Statistical Analysis

Data were analyzed using MedCalc, version 12.5, OpenEpi, version 3.01 [18], and IBM Corp. Released 2012, IBM SPSS Statistics for Windows, Version 21.0, Armonk, NY: IBM Corp. For descriptive analysis, categorical variables were expressed as absolute and relative frequencies, continuous variables with normal distribution as mean ± standard deviation (SD), and continuous variables with non-normal distribution as median (interquartile range [IQR]). The Shapiro-Wilk test was used to test the normality of distribution. For between-group comparisons, categorical variables were compared by the chi-square test and quantitative variables were compared by unpaired Student’s t-test if normally distributed or by the Mann-Whitney U test if not normally distributed. Fisher’s exact test was used in case of low data frequency. The mid-P exact test with Miettinen’s modification was used to calculate the standardized mortality ratio, i.e., the ratio of observed to expected (O/E) mortality, with a 95% confidence interval (CI). Overall postoperative survival and survival free of mitral reoperation were analyzed using Kaplan-Meier curves compared across groups by the log-rank test. Cox regression models were used to identify predictors of survival, and variables with a P-value < 0.1 in the univariate analysis were included in the multivariate analysis. The best cutoff points for dichotomization of continuous variables were determined by the Youden index. The level of significance was set at 5%.

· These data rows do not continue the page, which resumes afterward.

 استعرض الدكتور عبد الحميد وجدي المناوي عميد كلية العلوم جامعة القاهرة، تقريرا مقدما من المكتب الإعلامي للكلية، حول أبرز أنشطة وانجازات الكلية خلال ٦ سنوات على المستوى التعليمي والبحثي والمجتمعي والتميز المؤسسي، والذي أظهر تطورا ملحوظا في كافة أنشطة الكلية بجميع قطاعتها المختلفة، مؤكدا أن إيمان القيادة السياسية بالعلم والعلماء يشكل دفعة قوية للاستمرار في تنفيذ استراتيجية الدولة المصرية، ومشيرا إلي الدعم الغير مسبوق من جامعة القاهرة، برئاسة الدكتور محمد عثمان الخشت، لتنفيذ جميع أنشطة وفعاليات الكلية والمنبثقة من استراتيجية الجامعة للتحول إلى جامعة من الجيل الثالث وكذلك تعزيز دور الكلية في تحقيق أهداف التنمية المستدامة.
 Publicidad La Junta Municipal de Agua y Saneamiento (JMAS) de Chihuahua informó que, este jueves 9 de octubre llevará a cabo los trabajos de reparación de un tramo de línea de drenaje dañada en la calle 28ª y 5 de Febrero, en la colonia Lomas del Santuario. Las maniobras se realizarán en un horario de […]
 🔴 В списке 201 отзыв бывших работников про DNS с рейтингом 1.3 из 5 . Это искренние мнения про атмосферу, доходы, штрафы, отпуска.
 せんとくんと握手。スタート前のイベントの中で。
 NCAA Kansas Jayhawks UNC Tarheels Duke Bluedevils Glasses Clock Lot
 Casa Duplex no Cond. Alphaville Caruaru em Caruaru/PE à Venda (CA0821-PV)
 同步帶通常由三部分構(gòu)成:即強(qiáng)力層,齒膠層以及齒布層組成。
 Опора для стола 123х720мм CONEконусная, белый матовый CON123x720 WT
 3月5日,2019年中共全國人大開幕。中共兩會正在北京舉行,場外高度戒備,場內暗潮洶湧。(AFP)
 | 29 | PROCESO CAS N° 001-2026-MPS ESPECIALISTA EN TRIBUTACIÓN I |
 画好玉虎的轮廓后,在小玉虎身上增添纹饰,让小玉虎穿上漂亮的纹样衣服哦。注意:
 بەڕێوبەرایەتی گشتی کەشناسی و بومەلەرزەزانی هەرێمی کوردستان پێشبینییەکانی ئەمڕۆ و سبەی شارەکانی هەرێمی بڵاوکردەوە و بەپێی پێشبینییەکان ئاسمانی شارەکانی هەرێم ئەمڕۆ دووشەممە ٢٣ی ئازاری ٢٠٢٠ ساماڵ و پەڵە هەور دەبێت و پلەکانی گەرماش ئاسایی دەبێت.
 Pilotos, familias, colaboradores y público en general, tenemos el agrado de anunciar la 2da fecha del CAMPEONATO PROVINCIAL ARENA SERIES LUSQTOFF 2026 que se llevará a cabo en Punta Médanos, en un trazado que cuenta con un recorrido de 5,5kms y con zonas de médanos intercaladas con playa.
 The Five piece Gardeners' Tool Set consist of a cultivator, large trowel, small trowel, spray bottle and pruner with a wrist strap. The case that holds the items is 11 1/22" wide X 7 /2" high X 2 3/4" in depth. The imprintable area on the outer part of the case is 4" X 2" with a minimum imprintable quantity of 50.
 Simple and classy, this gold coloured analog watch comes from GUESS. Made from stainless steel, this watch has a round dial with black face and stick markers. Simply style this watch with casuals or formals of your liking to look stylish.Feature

A total of 158 patients were included, with a median age of 64 (IQR, 55.7-71.0) years; 61.4% were men. The baseline characteristics of the sample are shown in Table 1. No patient was in critical preoperative state. The median length of postoperative in-hospital stay was eight (IQR, 7-11) days.

Table 1 - Patients' baseline characteristics.
Variable n=158
Age (years) 64.0 (55.75-71.0)
Male 97 (61.4)
NYHA functional class III-IV 43 (27.2)
Atrial fibrillation 44 (27.8)
Previous cardiac surgery 10 (6.3)
Chronic lung disease 10 (6.3)
Diabetes on insulin 3 (1.9)
Recent MI (< 90 days) 2 (1.3)
CCS angina class 4 3 (1.9)
Extracardiac arteriopathy 4 (2.5)
Poor mobility 1 (0.6)
Cockcroft-Gault GFR (mL/min/1.73m2) 81.1 (61.4-107.7)
BMI (kg/m2) 24.6 (23.0-27.3)
EuroSCORE II (%) 1.3 (0.8-2.2)
Echocardiographic data
    Left atrium (mm)* 50.1±8.0
    LV end-diastolic diameter (mm) 60 (56-64)
    LV end-systolic diameter (mm) 37 (33-42)
    LVEF (%) 67 (61-73)
    sPAP  ≥ 30 mmHg 68 (43.0)

BMI=body mass index; CCS=Canadian Cardiovascular Society; EuroSCORE=European System for Cardiac Operative Risk Evaluation; GFR=glomerular filtration rate; LV=left ventricular; LVEF=left ventricular ejection fraction; MI=myocardial infarction; NYHA=New York Heart Association; sPAP=systolic pulmonary artery pressure

* 15 (9.5%) and

16 (10.1%) patients without available data

Data expressed as n (%), mean & #x00b1; standard deviation, or median (interquartile range)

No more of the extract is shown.